Conséquence du caractère civil de Galileo, sa précision est connue : 3 à 4 mètres en application standard (10 mètres por le GPS), et moins d’un mètre en application premium (applications payantes, services de secours, etc.)

Galileo et GPS sont heureusement compatibles

Heureusement, malgré l’opposition américaine, les systèmes sont compatibles : en utilisation combinée, l’utilisateur ne sait pas si son système accroche un satellite GPS ou un satellite Galileo (sauf en termes de précision de la géolocalisation, à moins que les américains augmentent un peu celle du GPS en version civile), et le système est capable de changer de l’un à l’autre sans qu’on s’en rende compte.

A quoi servira tout ce système ?

Les applications sont innombrables.

Outre les systèmes désormais classiques, tel les GPS qui équipent de plus en plus de véhicules pour aider la navigation, on songe à des applications industrielles dans les transports, les télécommunications, l’agriculture et la pêche : migration des troupeaux, gestion des jachères, gestion des trafics dans les villes surchargées, surveillance des pollutions, etc. Les conteneurs qui traversent le monde seraient localisables à chaque instant, tout comme les bateaux, les véhicules, et en réalité tout ce qui bouge.

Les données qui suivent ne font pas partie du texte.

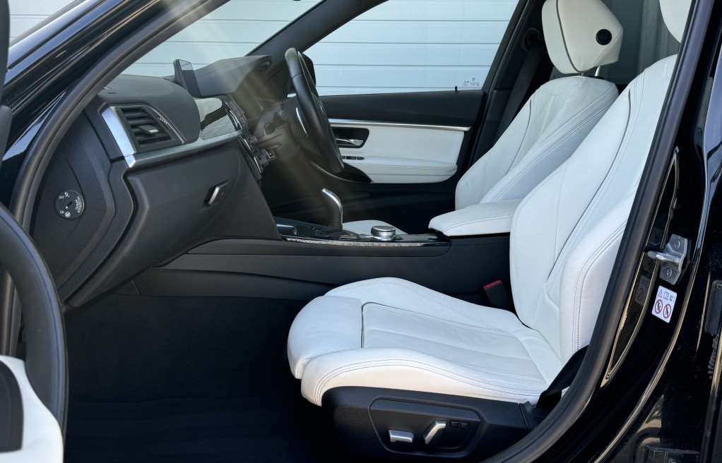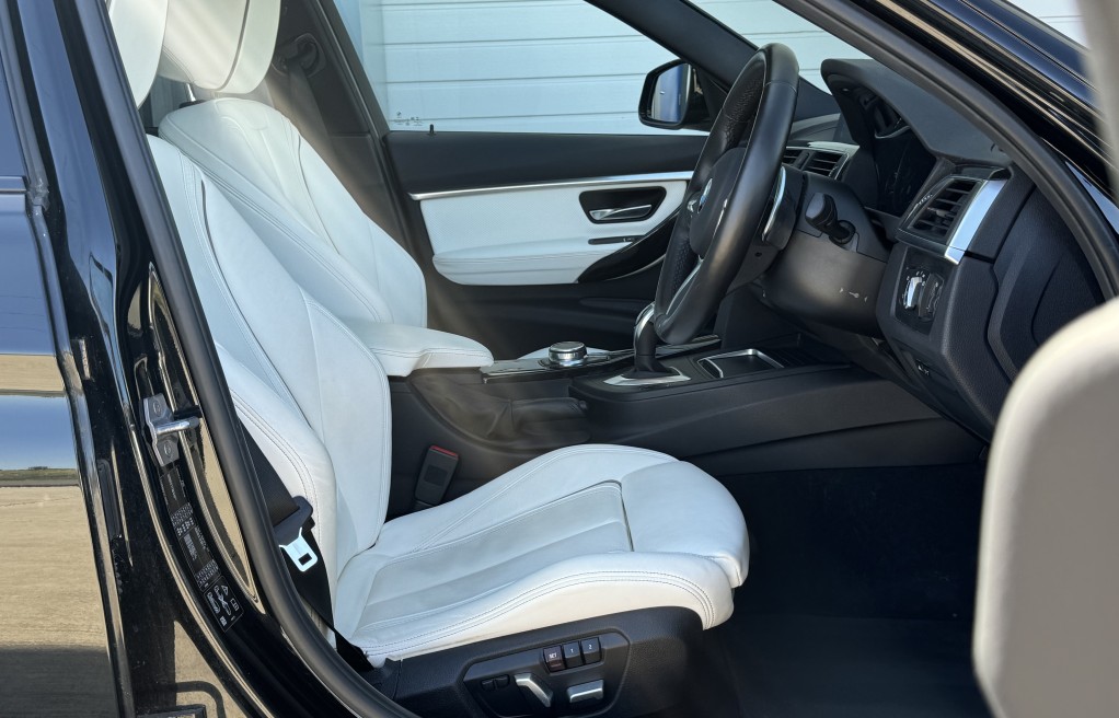 We are delighted to offer this superb BMW 330d X-drive Touring. This vehicle is finished in "BMW Black Sapphire" metallic paint, complimented with the very rare BMW Individual Opal white merino leather interior.
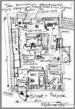 Нарисовав для МАN схему квартиры рок-музыканта, фронтмен группы имени себя, галерист и дизайнер Паша Гудимов убедительно просил не вытирать жестоким ластиком его личные комментарии к рисунку. Мы оставили все как есть, по ходу изучения плана задавая дополнительные вопросы.
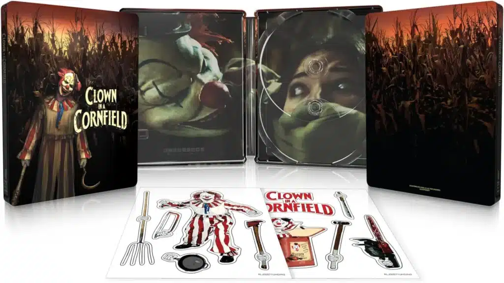 Thank the horror gods for the good folks at Shudder who, unlike other certain big streaming platforms we could name, have no qualms about giving some of their best and most beloved pics the physical media release treatment. The 4K Ultra HD release of Eli Craig's slasher Clown in a Cornfield features a special-edition SteelBook, with an outer illustration of the villainous Frendo standing amongst the titular cornfields, with inner art featuring part of his reign of terror from the film. The physical release will also feature commentary from the filmmakers, as well as limited edition magnets, featuring a “Pop Out” Frendo and his various deadly weapons, which will make a perfect spooky season ornament come Halloween.
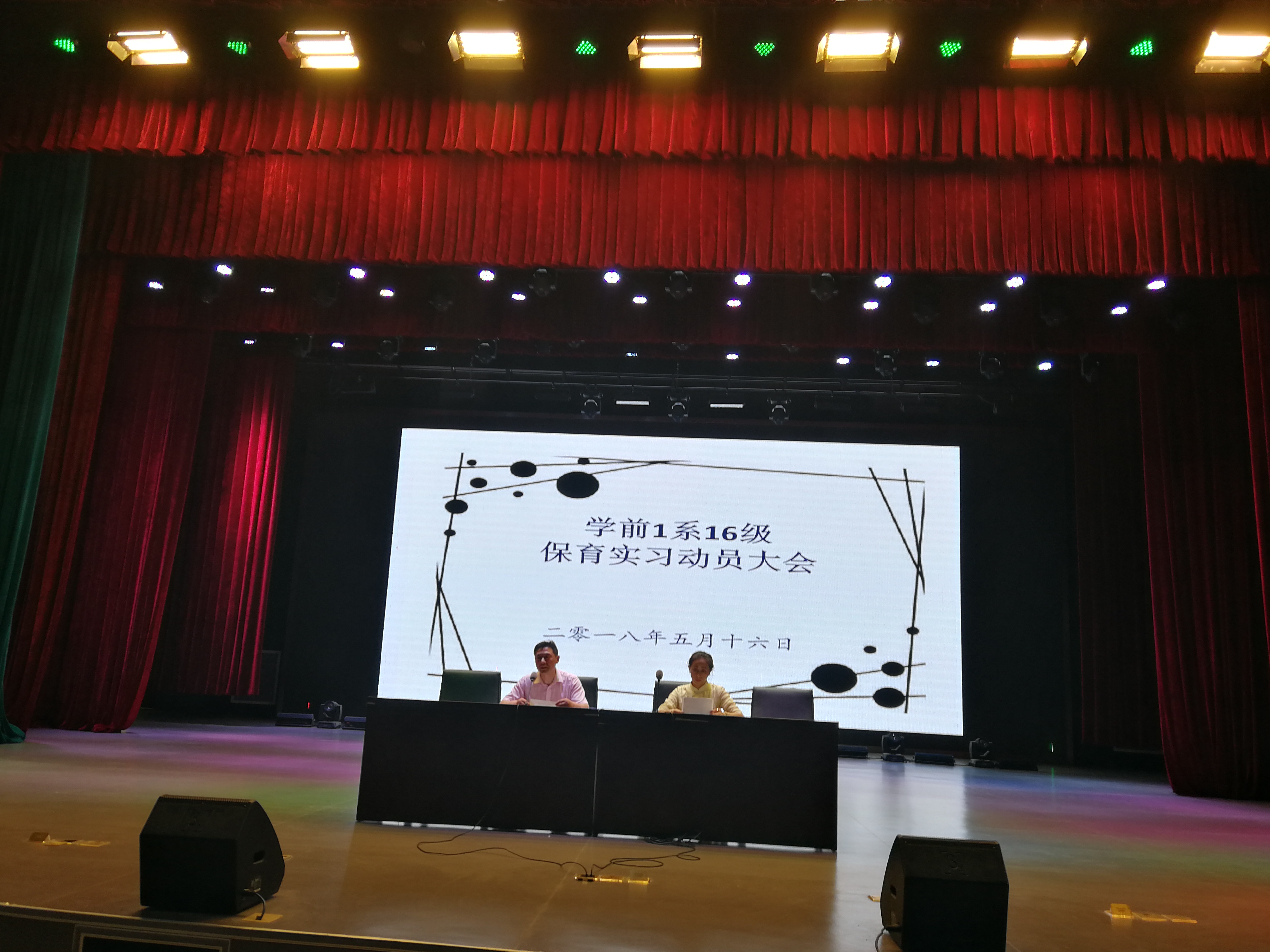 2018年5月16日下午,我系在演出厅举行了2016级保育实习动员大会。会议由薛祖华老师主持,系主任滕飞教授、专业课教师、16级各班班主任以及16级全体学生参加了动员会。

On peut même imaginer un système dans lequel les autobus des services public seraient géo-localisés en permanence, les utilisateurs recevant un SMS, en fonction de l’endroit où ils se trouvent, les avertissant du passage dans X minutes à l’arrêt le plus proche, avec un message les guidant jusqu’à cet arrêt.

Les services de secours sont également des gros consommateurs, car il leur arrive souvent de recevoir des appels de détresse sans que la personne ne soit en état de donner avec précision sa situation géographique.

Bien entendu, les applications militaires sont aussi nombreuses, à commencer par le guidage des militaires lors d’opérations, ou le pilotage des avions sans pilote et des missiles.